**Exercise directions:** Verbatim copy without images: return all of the data as it stands.

:: Dataset excerpts ::

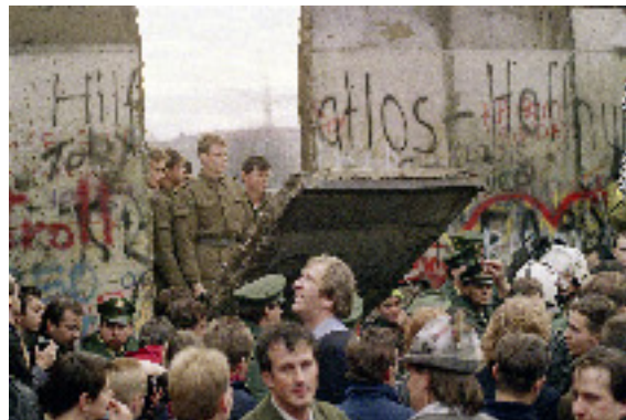
Chute du mur de Berlin 1989
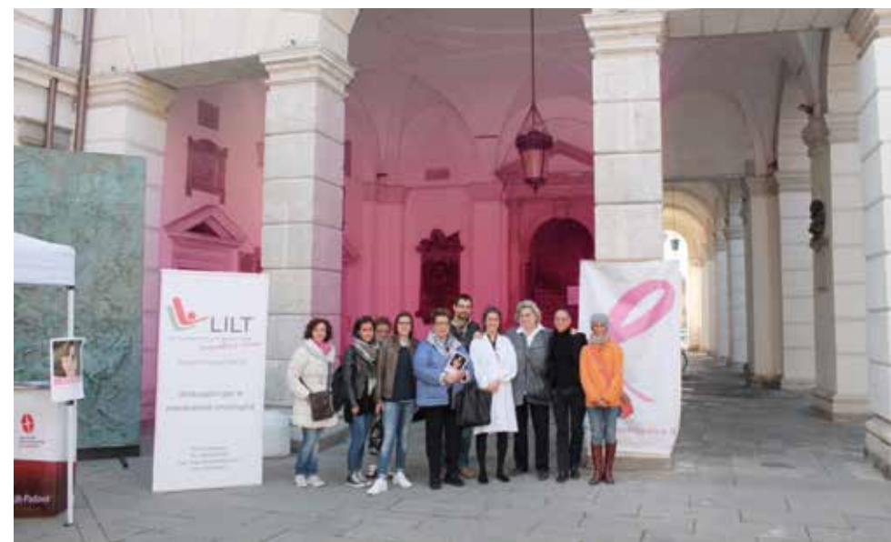
Giornata Nastro Rosa, Comune di Montagnana
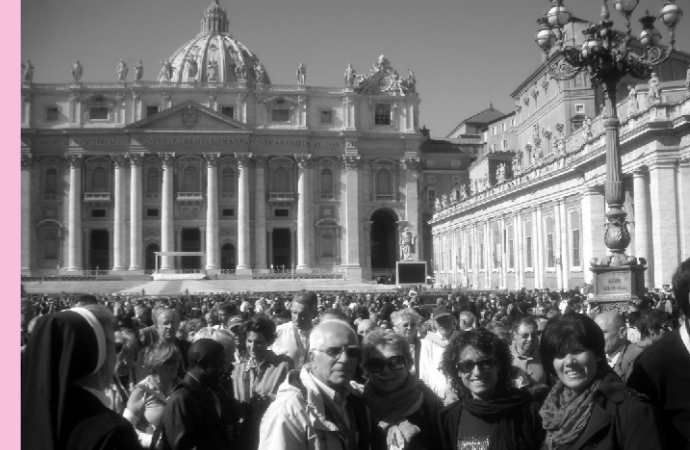
Foto a Piazza S. Pietro durante il Convegno a Roma
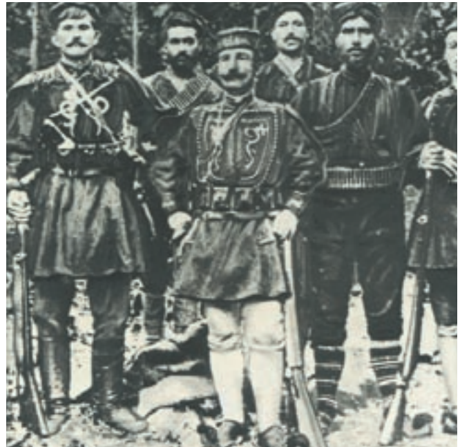
Το ένοπλο σώμα του Τσόντου ή Βάρδα (αρχηγός του αγώνα στη Δυτική Μακεδονία από το Νοέμβριο του 1904) κατά τη διάρκεια του Μακεδονικού Αγώνα.

Τον Αύγουστο του 1904 ο Παύλος Μελάς, ως αξιωματικός του ελληνικού στρατού, ανέλαβε την αρχηγία του Μακεδονικού Αγώνα. Με τη δράση και τον θάνατό του (13 Οκτωβρίου 1905) πέτυχε να γίνει ο αγώνας της Μακεδονίας υπόθεση όλων των Ελλήνων.
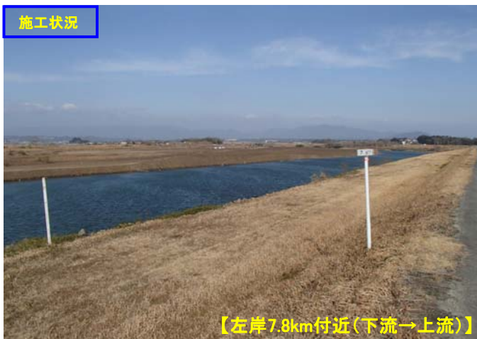
【左岸7.8km付近(下流→上流)】
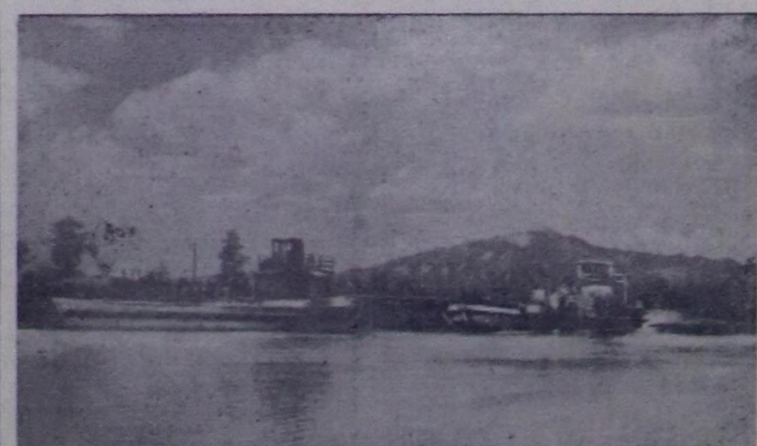
Чурукта: Чаа-Хөл районун төвүндө пароход доктаап турар черде.

(«Правданын» август 15-теги мурунку чүтүг).
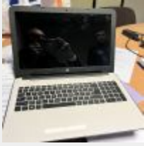
Lot n° 55 Ordinateur portable HP avec alimentation (non testé) Imprimante multifonction HP Mise à prix : 30€
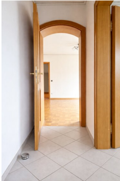
EG Eingang Wohnung
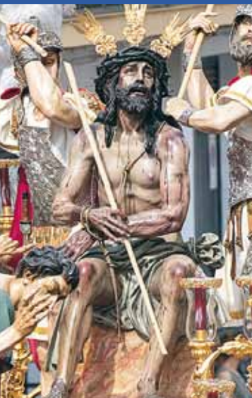
Ntro. P. Jesús Humilde en la Coronación de Espinas Francisco Buiza Fernández / 1978
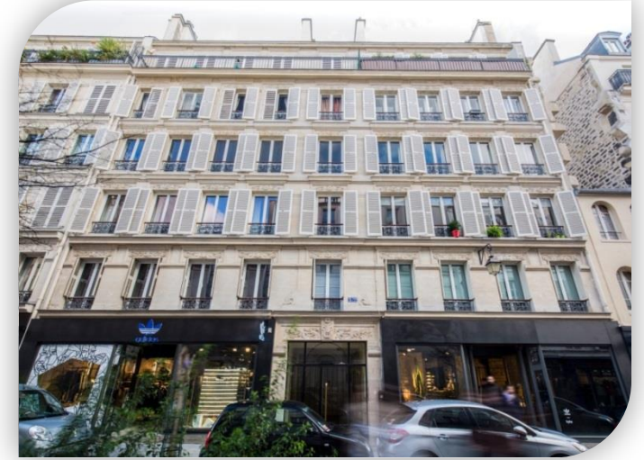
Rue des Rosiers 3, Parijs
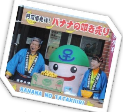
バナナの叩き売り実演もあります!

大里商店連合会【大里バーガー】、ひぐらし軒【パン】、小倉焼うどん研究所【焼うどん】、門司港ちゃんら〜倶楽部【門司港ちゃんら〜】、ぺったん若松焼き隊【ぺったん焼き】 cafeBONGO【生パスタ】ほか手焼きちくわ、からあげ、ラーメンなど多数
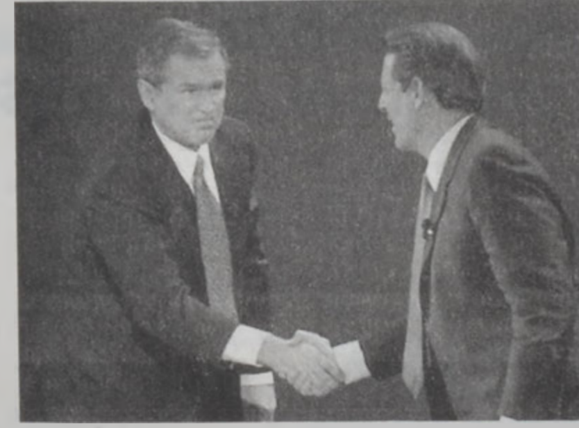
Պուշ եւ Կոր՝ բանավեճի աւարտին:

շատ քարճր էր, նկատի ունենալով, որ արտաքին քաղաքականութիւնը երկրին համար խոցելի մարդ մը կը նկատուէր: Սակայն ան յաջողած է քանակէն «կանգուն» պահել Ռուսիոյ, Հայիթիի, Ռուանտայի, Սոմալիի, Քոլոմպիոյ եւ Միջին Արեւելքի վերաբերող հարցերու մասին:
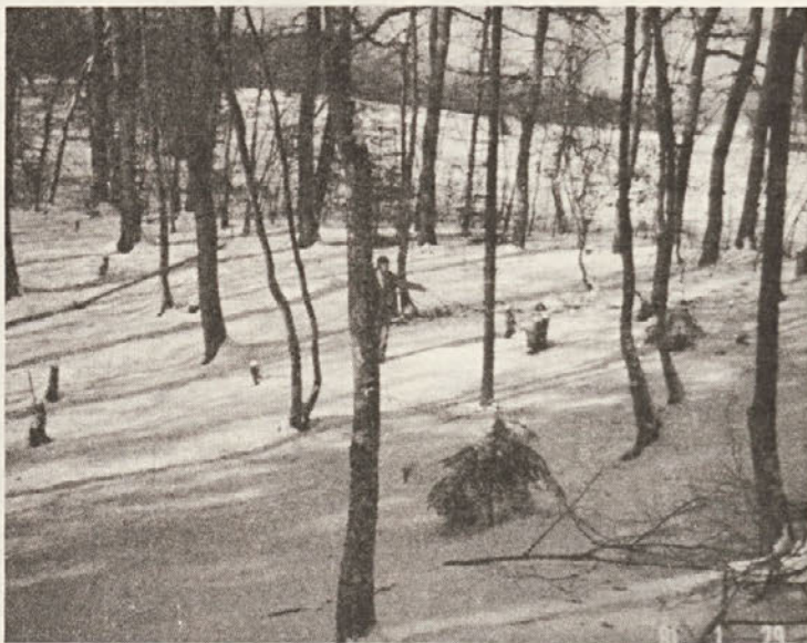
V prejšnji številki smo poročali o škodi, ki jo v gozdu pri Stranski vasi v bližini nekdanje drevesnice povzročajo Romi. Na sliki za njihovo sečnjo značilni visoki panji.
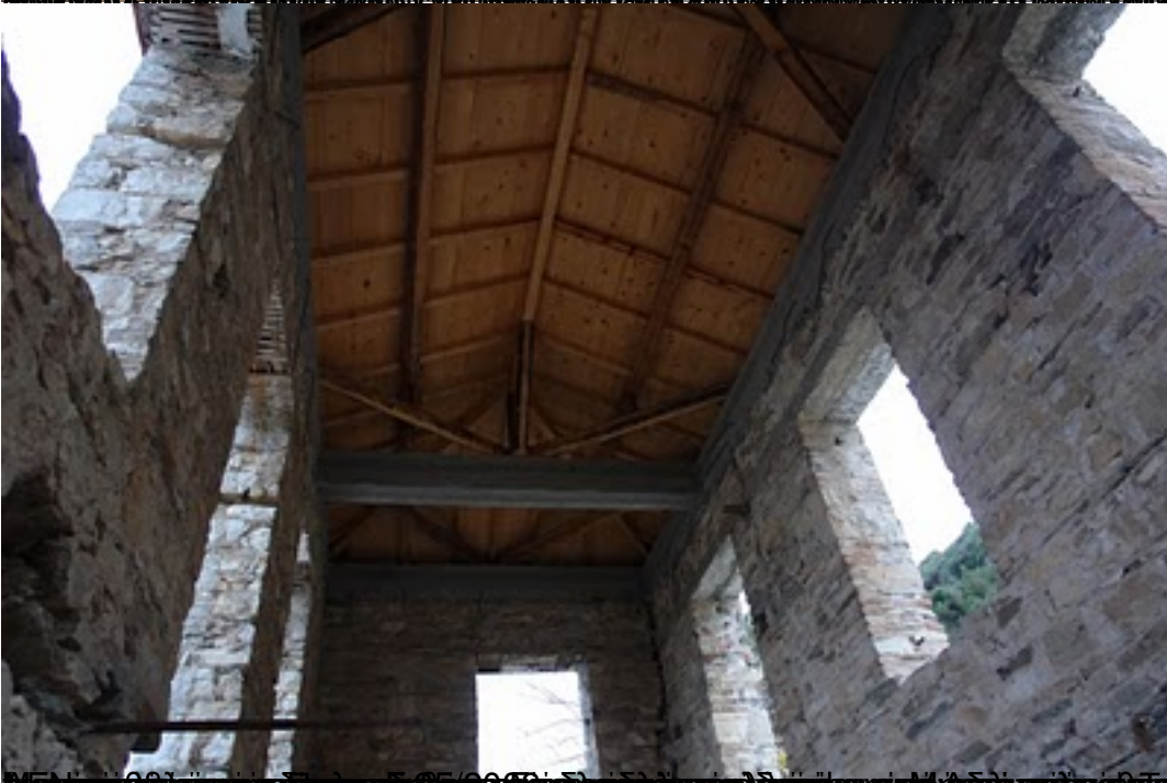
Προξενείο του 19ου αιώνα
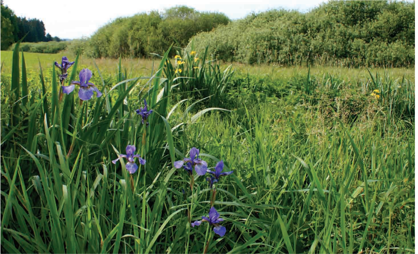
Abb. 1: Feuchtwiese an der Maltzsch bei Hussenberg mit Iris sanguinea und Iris pseudacorus nahe der Staatsgrenze zu Tschechien (7.6.2011).
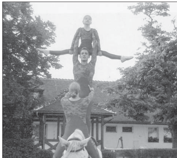
Ukázka sestavy - tlum. skupina - několikánásobní mistři ČR na koni Farmon.
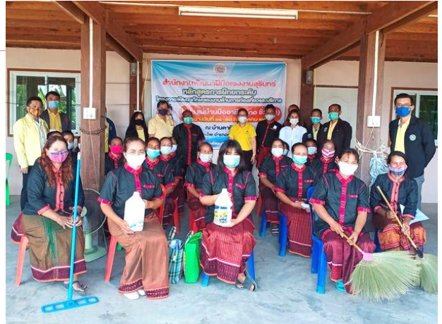
การฝึกยกระดับฝีมือแรงงาน สาขาแม่บ้านมืออาชีพ 30 ชั่วโมง ระหว่างวันที่ 14 – 18 กรกฎาคม 2563 ณ บ้านตาทัพย์ หมู่ 8 ต.กระโพ อ.ท่าตูม จ.สุรินทร์
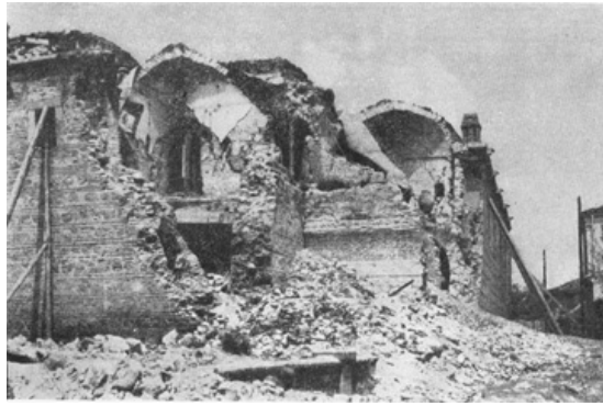
Последици од земјотресот во Скопје, 1963 година

:::

**Output below:**
Chute du mur de Berlin 1989
Giornata Nastro Rosa, Comune di Montagnana
Foto a Piazza S. Pietro durante il Convegno a Roma
Το ένοπλο σώμα του Τσόντου ή Βάρδα (αρχηγός του αγώνα στη Δυτική Μακεδονία από το Νοέμβριο του 1904) κατά τη διάρκεια του Μακεδονικού Αγώνα.

Τον Αύγουστο του 1904 ο Παύλος Μελάς, ως αξιωματικός του ελληνικού στρατού, ανέλαβε την αρχηγία του Μακεδονικού Αγώνα. Με τη δράση και τον θάνατό του (13 Οκτωβρίου 1905) πέτυχε να γίνει ο αγώνας της Μακεδονίας υπόθεση όλων των Ελλήνων.
【左岸7.8km付近(下流→上流)】
Чурукта: Чаа-Хөл районун төвүндө пароход доктаап турар черде.

(«Правданын» август 15-теги мурунку чүтүг).
Lot n° 55 Ordinateur portable HP avec alimentation (non testé) Imprimante multifonction HP Mise à prix : 30€
EG Eingang Wohnung
Ntro. P. Jesús Humilde en la Coronación de Espinas Francisco Buiza Fernández / 1978
Rue des Rosiers 3, Parijs
バナナの叩き売り実演もあります!

大里商店連合会【大里バーガー】、ひぐらし軒【パン】、小倉焼うどん研究所【焼うどん】、門司港ちゃんら〜倶楽部【門司港ちゃんら〜】、ぺったん若松焼き隊【ぺったん焼き】 cafeBONGO【生パスタ】ほか手焼きちくわ、からあげ、ラーメンなど多数
Պուշ եւ Կոր՝ բանավեճի աւարտին:

շատ քարճր էր, նկատի ունենալով, որ արտաքին քաղաքականութիւնը երկրին համար խոցելի մարդ մը կը նկատուէր: Սակայն ան յաջողած է քանակէն «կանգուն» պահել Ռուսիոյ, Հայիթիի, Ռուանտայի, Սոմալիի, Քոլոմպիոյ եւ Միջին Արեւելքի վերաբերող հարցերու մասին:
V prejšnji številki smo poročali o škodi, ki jo v gozdu pri Stranski vasi v bližini nekdanje drevesnice povzročajo Romi. Na sliki za njihovo sečnjo značilni visoki panji.
Προξενείο του 19ου αιώνα
Abb. 1: Feuchtwiese an der Maltzsch bei Hussenberg mit Iris sanguinea und Iris pseudacorus nahe der Staatsgrenze zu Tschechien (7.6.2011).
Ukázka sestavy - tlum. skupina - několikánásobní mistři ČR na koni Farmon.
การฝึกยกระดับฝีมือแรงงาน สาขาแม่บ้านมืออาชีพ 30 ชั่วโมง ระหว่างวันที่ 14 – 18 กรกฎาคม 2563 ณ บ้านตาทัพย์ หมู่ 8 ต.กระโพ อ.ท่าตูม จ.สุรินทร์
Последици од земјотресот во Скопје, 1963 година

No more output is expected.